* **Task inputs**:
────────────────

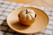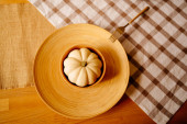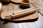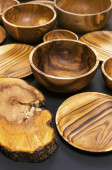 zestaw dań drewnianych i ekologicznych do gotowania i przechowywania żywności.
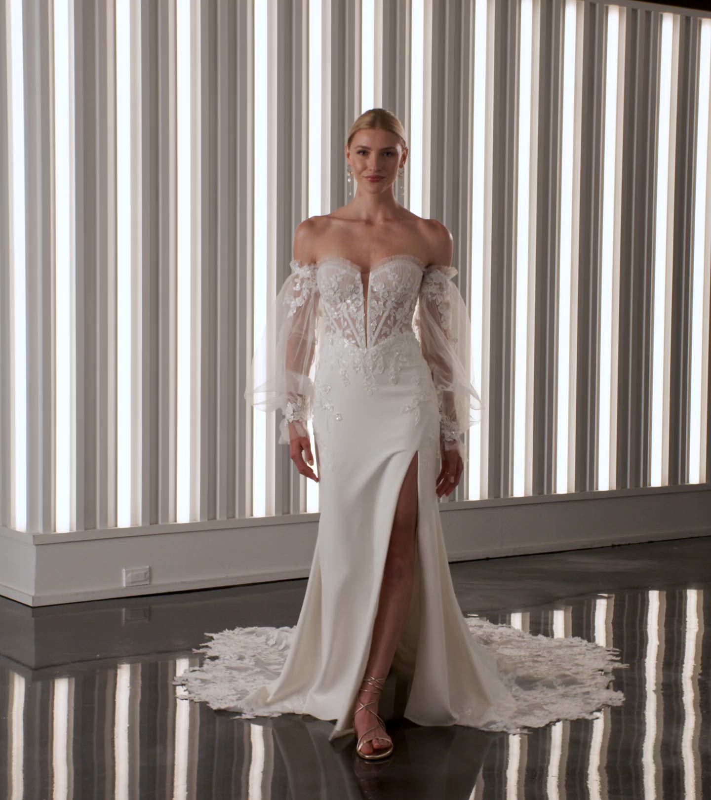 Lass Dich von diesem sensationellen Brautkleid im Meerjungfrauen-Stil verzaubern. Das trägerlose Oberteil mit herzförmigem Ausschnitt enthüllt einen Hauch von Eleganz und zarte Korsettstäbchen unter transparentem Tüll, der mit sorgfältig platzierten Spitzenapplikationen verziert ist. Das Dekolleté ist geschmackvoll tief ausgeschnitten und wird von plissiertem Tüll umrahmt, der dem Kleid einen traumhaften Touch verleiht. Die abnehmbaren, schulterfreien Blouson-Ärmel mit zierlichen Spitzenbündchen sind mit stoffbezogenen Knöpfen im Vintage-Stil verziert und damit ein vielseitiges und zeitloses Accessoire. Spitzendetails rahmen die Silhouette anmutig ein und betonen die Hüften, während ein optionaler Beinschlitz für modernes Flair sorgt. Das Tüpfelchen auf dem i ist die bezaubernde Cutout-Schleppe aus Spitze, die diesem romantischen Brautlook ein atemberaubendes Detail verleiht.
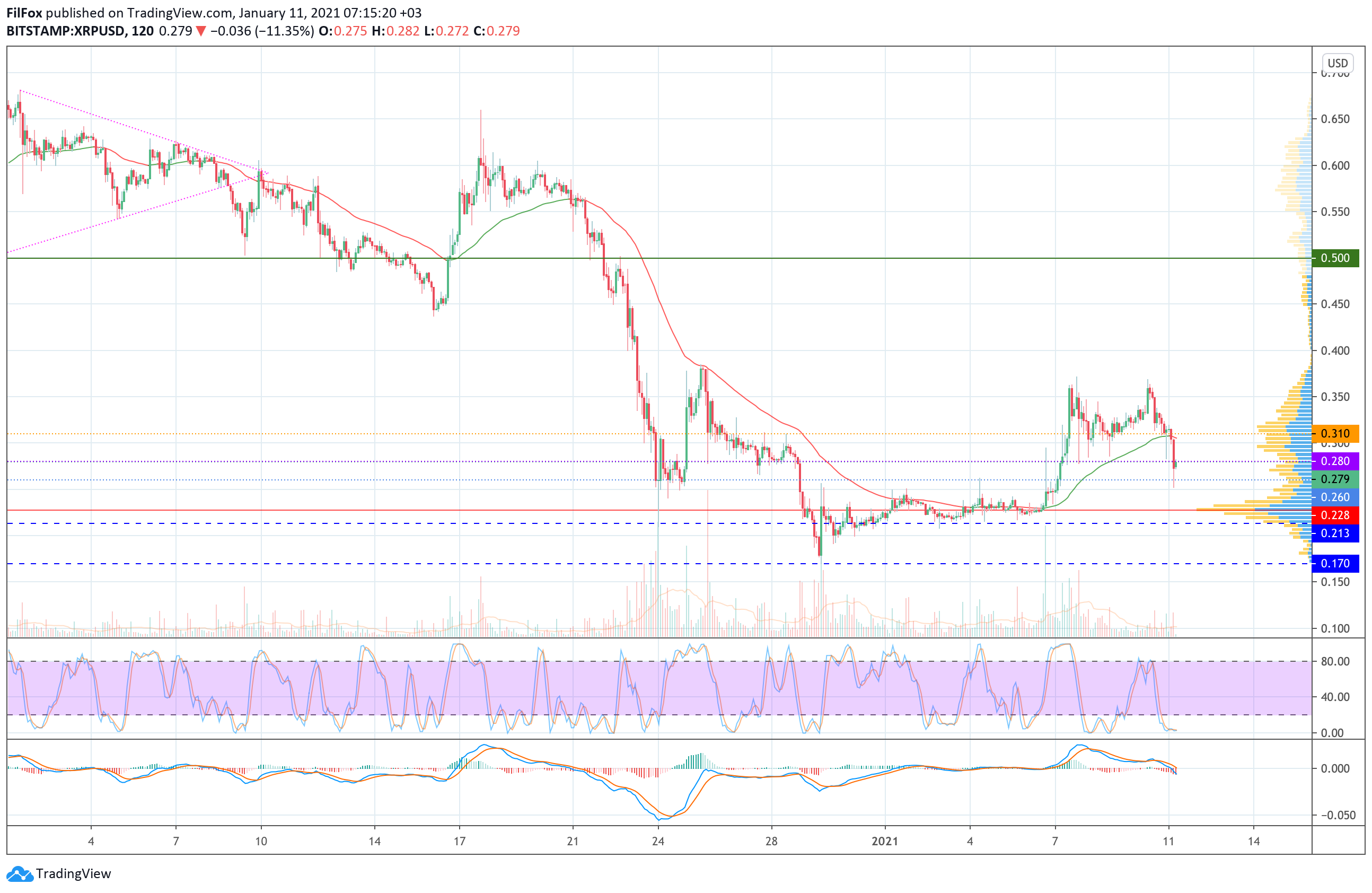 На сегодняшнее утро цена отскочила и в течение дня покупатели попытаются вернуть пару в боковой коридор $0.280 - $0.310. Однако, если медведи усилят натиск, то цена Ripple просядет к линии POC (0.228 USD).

────────────────

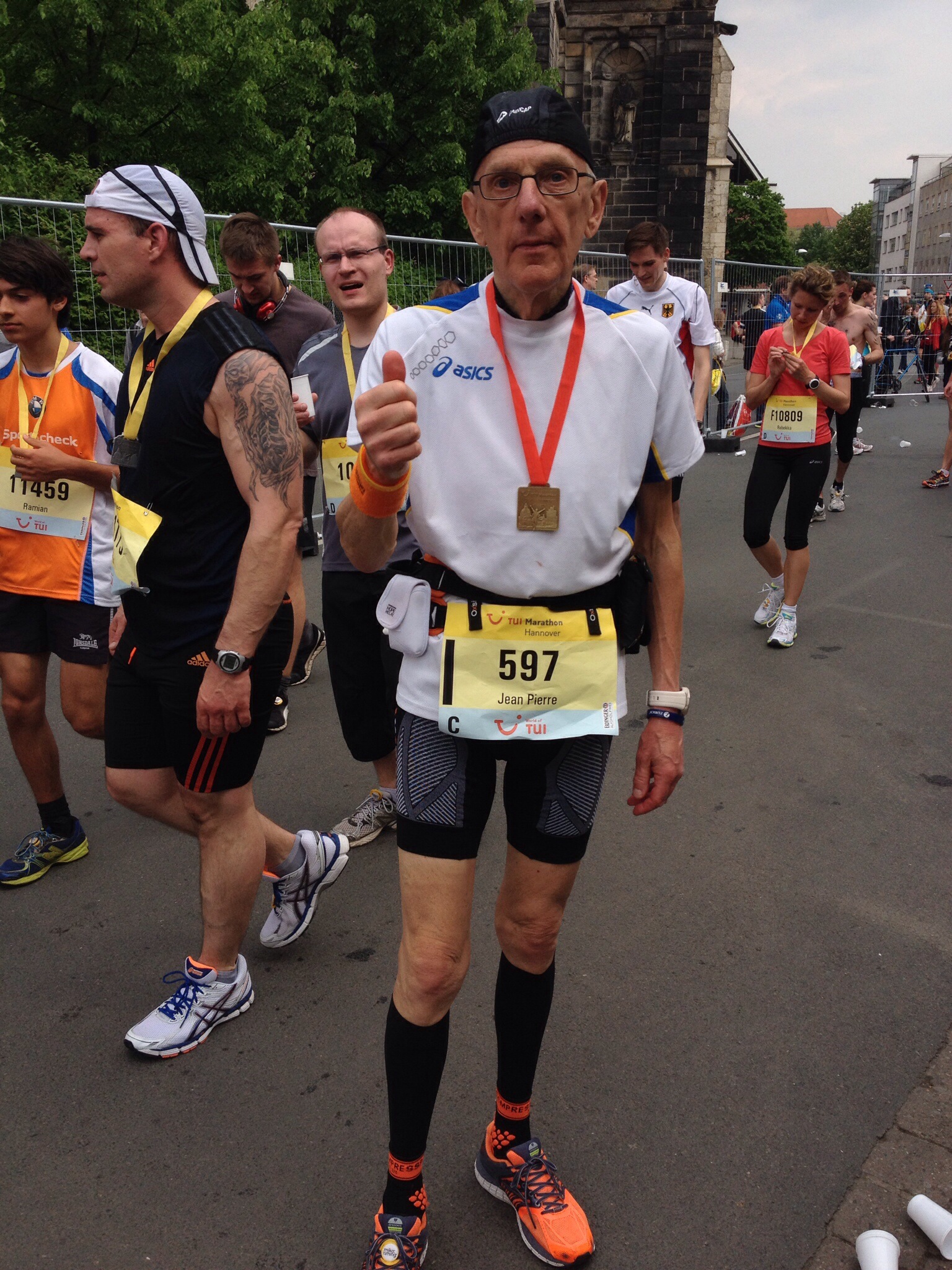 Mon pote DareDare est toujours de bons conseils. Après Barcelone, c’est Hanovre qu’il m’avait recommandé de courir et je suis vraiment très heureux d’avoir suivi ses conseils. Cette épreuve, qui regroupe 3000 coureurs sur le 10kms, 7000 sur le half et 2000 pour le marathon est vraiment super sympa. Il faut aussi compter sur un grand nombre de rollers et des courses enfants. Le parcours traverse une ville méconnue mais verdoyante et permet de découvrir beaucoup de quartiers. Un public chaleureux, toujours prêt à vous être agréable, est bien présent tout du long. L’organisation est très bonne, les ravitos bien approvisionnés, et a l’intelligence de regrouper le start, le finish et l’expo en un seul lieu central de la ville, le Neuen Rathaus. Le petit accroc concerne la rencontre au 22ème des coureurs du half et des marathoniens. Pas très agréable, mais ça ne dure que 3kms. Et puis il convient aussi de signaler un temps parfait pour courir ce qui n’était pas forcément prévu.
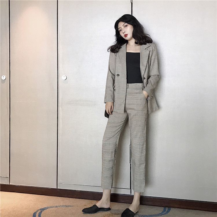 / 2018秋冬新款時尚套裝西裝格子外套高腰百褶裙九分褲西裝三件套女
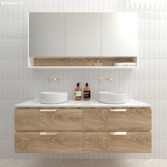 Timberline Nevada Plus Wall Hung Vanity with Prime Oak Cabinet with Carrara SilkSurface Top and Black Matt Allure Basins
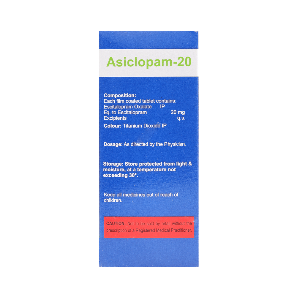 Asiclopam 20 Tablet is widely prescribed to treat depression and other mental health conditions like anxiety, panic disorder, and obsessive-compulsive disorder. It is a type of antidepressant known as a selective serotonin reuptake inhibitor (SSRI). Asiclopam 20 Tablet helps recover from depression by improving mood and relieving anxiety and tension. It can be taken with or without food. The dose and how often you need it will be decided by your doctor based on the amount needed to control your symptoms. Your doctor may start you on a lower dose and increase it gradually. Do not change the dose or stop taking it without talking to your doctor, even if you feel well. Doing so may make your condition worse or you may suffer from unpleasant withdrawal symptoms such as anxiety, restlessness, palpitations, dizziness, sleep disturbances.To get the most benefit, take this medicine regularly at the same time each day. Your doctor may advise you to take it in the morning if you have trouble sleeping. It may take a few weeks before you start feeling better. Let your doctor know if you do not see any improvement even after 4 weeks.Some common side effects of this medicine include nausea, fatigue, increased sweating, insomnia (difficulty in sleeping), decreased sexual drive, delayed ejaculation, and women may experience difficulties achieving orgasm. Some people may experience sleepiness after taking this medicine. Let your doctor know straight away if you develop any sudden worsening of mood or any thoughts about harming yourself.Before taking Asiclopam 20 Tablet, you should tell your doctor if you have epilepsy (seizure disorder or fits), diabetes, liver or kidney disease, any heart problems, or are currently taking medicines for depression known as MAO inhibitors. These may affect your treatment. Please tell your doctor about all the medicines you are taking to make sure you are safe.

────────────────

* **Task brief**:
In the listing above, find the line containing "zestaw dań drewnianych" and the line containing "На сегодняшнее утро", then print exactly those two lines and every line between them, minus the pictures.

* **Task answer**:
 zestaw dań drewnianych i ekologicznych do gotowania i przechowywania żywności.
 Lass Dich von diesem sensationellen Brautkleid im Meerjungfrauen-Stil verzaubern. Das trägerlose Oberteil mit herzförmigem Ausschnitt enthüllt einen Hauch von Eleganz und zarte Korsettstäbchen unter transparentem Tüll, der mit sorgfältig platzierten Spitzenapplikationen verziert ist. Das Dekolleté ist geschmackvoll tief ausgeschnitten und wird von plissiertem Tüll umrahmt, der dem Kleid einen traumhaften Touch verleiht. Die abnehmbaren, schulterfreien Blouson-Ärmel mit zierlichen Spitzenbündchen sind mit stoffbezogenen Knöpfen im Vintage-Stil verziert und damit ein vielseitiges und zeitloses Accessoire. Spitzendetails rahmen die Silhouette anmutig ein und betonen die Hüften, während ein optionaler Beinschlitz für modernes Flair sorgt. Das Tüpfelchen auf dem i ist die bezaubernde Cutout-Schleppe aus Spitze, die diesem romantischen Brautlook ein atemberaubendes Detail verleiht.
 На сегодняшнее утро цена отскочила и в течение дня покупатели попытаются вернуть пару в боковой коридор $0.280 - $0.310. Однако, если медведи усилят натиск, то цена Ripple просядет к линии POC (0.228 USD).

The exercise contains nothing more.